### YOUR GOAL:
No pictures belong in the copy. Retype exactly, and only, the stretch of lines below from the one with "encore la préfecture." through the one with "经过指导,孩子们有模有样地在".

### EXTRACTED ENTRIES:
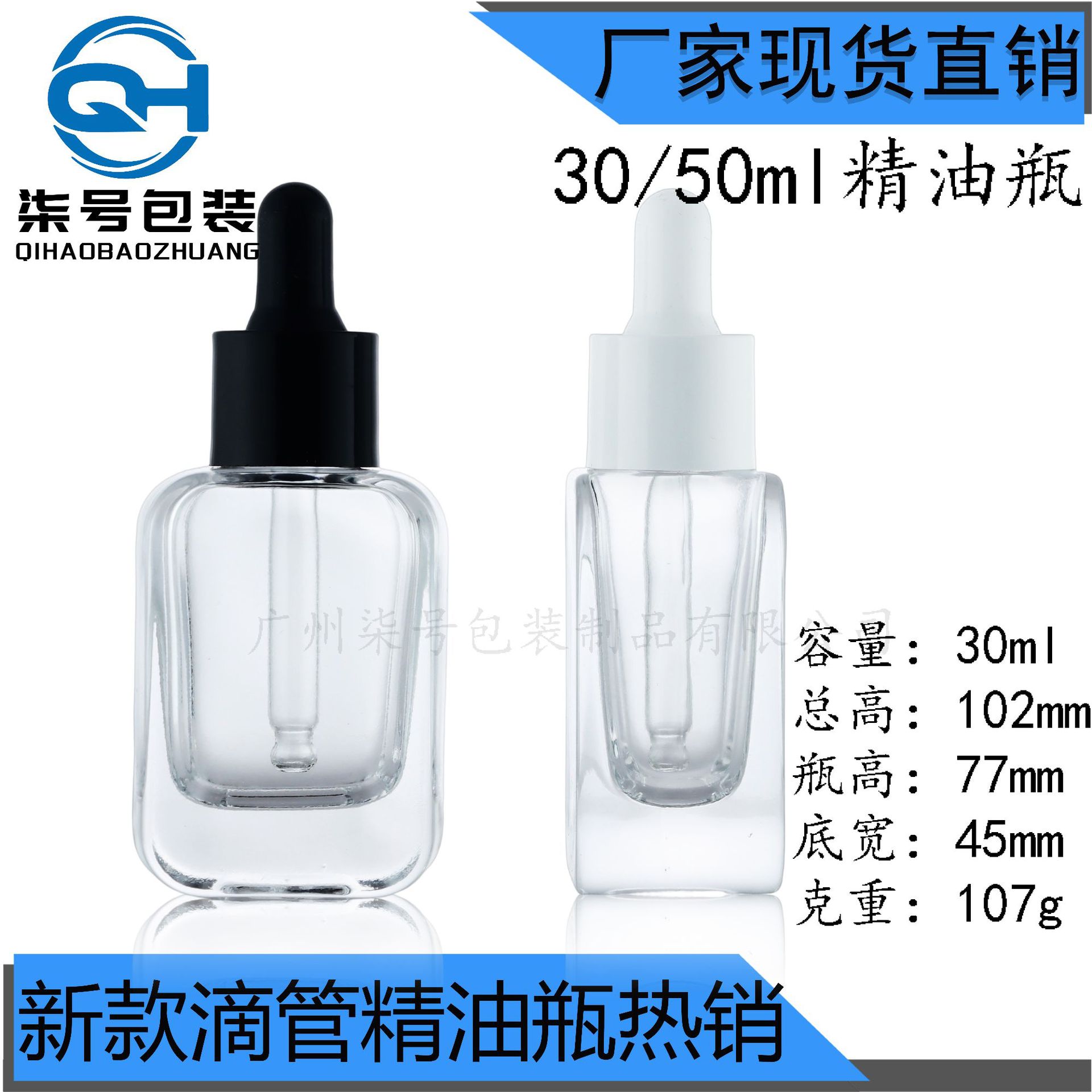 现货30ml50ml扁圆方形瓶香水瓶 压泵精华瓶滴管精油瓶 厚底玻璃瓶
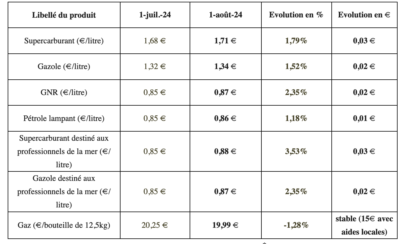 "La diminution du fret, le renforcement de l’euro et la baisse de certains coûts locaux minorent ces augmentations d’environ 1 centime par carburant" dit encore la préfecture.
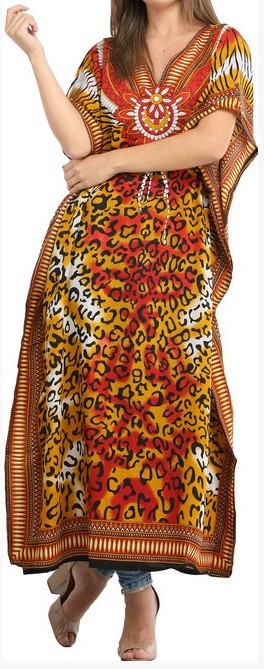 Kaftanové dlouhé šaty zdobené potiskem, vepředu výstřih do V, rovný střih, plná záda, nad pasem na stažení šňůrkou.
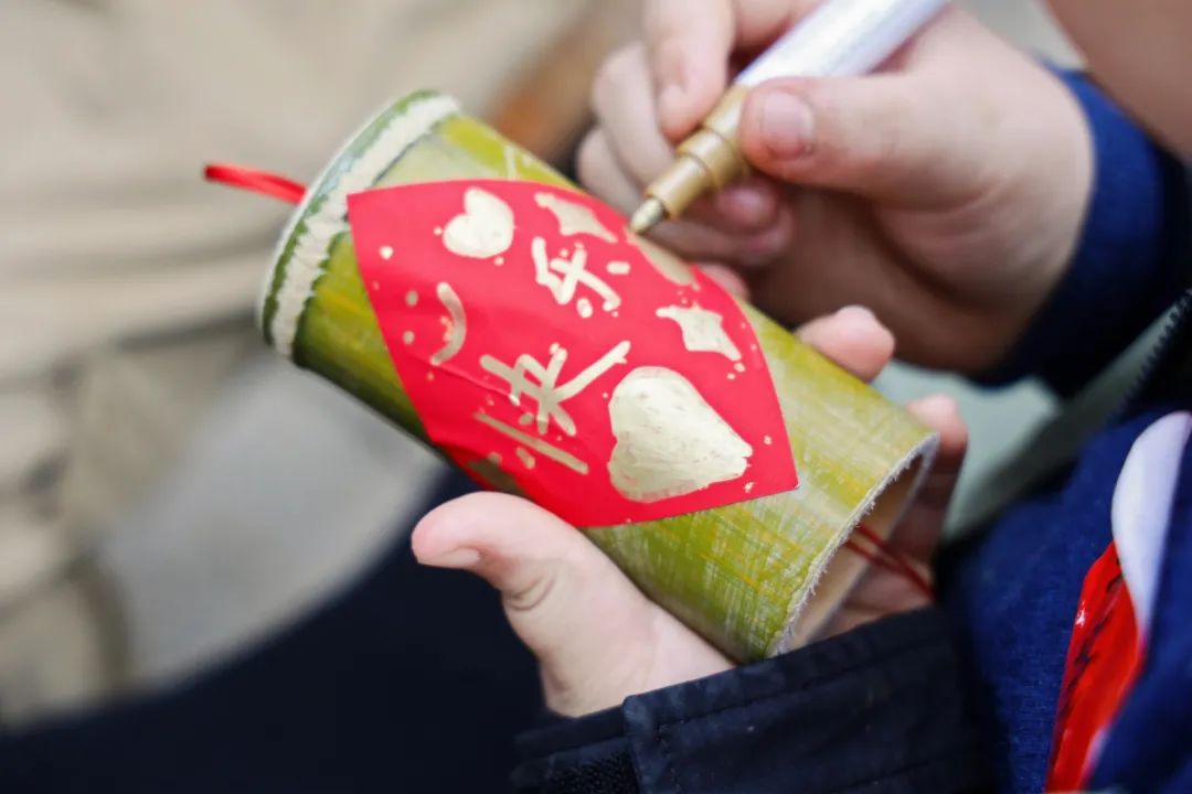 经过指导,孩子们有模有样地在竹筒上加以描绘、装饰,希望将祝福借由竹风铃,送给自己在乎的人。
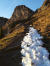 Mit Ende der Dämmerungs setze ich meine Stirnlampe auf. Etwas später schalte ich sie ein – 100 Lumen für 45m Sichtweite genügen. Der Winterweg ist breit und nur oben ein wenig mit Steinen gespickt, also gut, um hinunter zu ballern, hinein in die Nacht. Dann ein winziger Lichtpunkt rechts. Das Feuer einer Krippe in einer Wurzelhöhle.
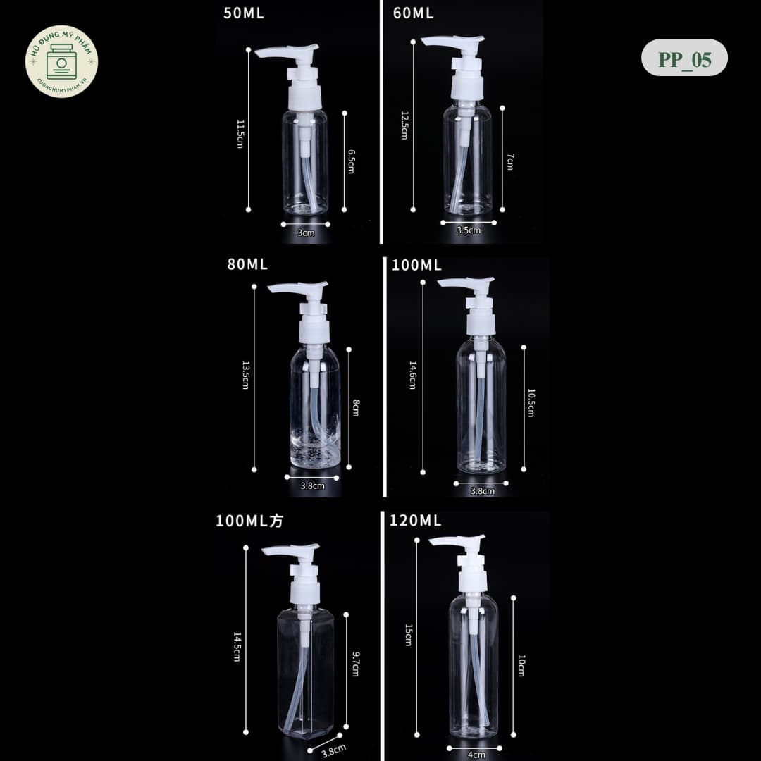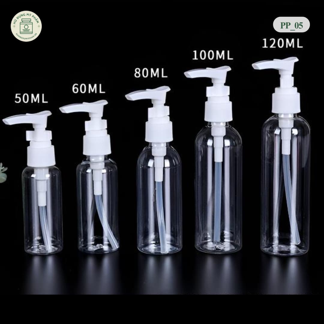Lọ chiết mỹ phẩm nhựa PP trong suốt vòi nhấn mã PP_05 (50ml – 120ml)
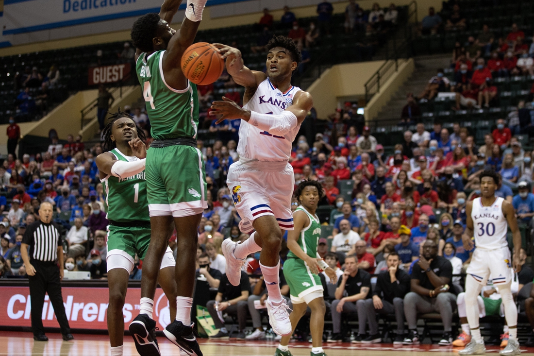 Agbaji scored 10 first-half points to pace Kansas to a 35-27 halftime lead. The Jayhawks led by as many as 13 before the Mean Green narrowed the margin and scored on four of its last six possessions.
--
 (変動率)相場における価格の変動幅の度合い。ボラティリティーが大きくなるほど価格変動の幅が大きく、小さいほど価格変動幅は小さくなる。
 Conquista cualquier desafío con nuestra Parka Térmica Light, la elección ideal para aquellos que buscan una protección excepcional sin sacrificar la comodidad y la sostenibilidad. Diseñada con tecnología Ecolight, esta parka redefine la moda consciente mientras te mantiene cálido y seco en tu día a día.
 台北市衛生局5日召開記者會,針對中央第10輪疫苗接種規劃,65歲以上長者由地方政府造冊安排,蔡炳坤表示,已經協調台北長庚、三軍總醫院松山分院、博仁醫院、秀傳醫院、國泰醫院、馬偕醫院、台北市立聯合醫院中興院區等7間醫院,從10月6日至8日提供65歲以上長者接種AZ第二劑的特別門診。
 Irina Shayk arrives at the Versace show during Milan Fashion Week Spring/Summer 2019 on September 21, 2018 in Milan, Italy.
==
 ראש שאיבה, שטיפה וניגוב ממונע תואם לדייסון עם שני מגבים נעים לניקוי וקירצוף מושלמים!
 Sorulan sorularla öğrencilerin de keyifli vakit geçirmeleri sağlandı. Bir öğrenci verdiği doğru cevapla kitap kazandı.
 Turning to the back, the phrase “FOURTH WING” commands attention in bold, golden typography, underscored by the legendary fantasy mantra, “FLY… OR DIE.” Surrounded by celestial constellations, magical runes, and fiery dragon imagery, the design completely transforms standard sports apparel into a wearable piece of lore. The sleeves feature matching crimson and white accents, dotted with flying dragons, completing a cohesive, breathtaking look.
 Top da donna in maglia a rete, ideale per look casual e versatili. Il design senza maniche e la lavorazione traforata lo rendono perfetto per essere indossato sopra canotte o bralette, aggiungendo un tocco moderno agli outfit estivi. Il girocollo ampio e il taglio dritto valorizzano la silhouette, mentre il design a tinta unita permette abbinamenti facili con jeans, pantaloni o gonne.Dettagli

### ANSWER TO THE EXERCISE:
 "La diminution du fret, le renforcement de l’euro et la baisse de certains coûts locaux minorent ces augmentations d’environ 1 centime par carburant" dit encore la préfecture.
 Kaftanové dlouhé šaty zdobené potiskem, vepředu výstřih do V, rovný střih, plná záda, nad pasem na stažení šňůrkou.
 经过指导,孩子们有模有样地在竹筒上加以描绘、装饰,希望将祝福借由竹风铃,送给自己在乎的人。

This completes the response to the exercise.